Given a phylogenetic tree based on the nirK sequences, we can compute dN/dS for each amino acid site in the gene. Using some 30 unique sequences from both AG and DF, we can compare dN/dS between the two.

Two phylogenetic trees from AG (red nodes) and DF (green nodes). The sequences at every internal node is estimated based on a substitution model and on the known sequences at the tips. dN/dS is then computed between all pairs of sequences separated by a branch. The two trees have 30 sequences that are chosen at random among the full set of sequences from KBS.

The result is that for both the bacteria from the agricultural soils and the forest soils the majority of amino acid sites have a dN/dS much smaller than one. Most sites are thus under purifying selection.
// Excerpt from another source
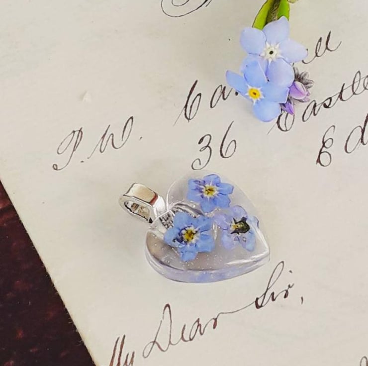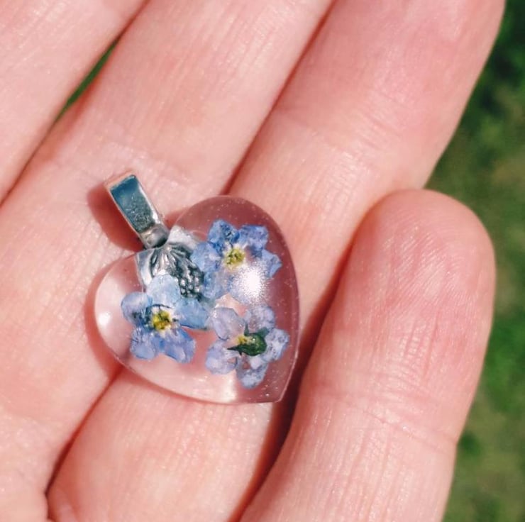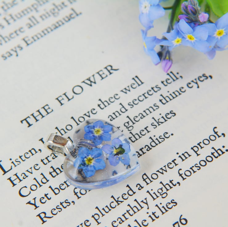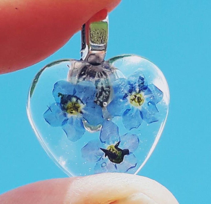 Heart necklace with real forget me not flowers.

However, DF does contain a fair number of sites with a dN/dS close to one, while there are nearly none of those in AG. In other words, not only are bacteria in AG more likely to have a copy of nirK, those copies are also more stringently optimized in AG than they are in DF. It thus seems to be of higher importance for the bacteria to possess a well-functioning nirK gene when their environment is farmland.

And this is bad news for us, because it means that traditional farming practices increases the amount of N2O in the atmosphere, thereby exacerbating global climate change. The good news is that the selection pressure in AG does not cause the bacteria that thrived in DF to disappear completely, so it is possible that the bacterial communities in farmland left to its own devices will eventually change their composition back into what they were in the past.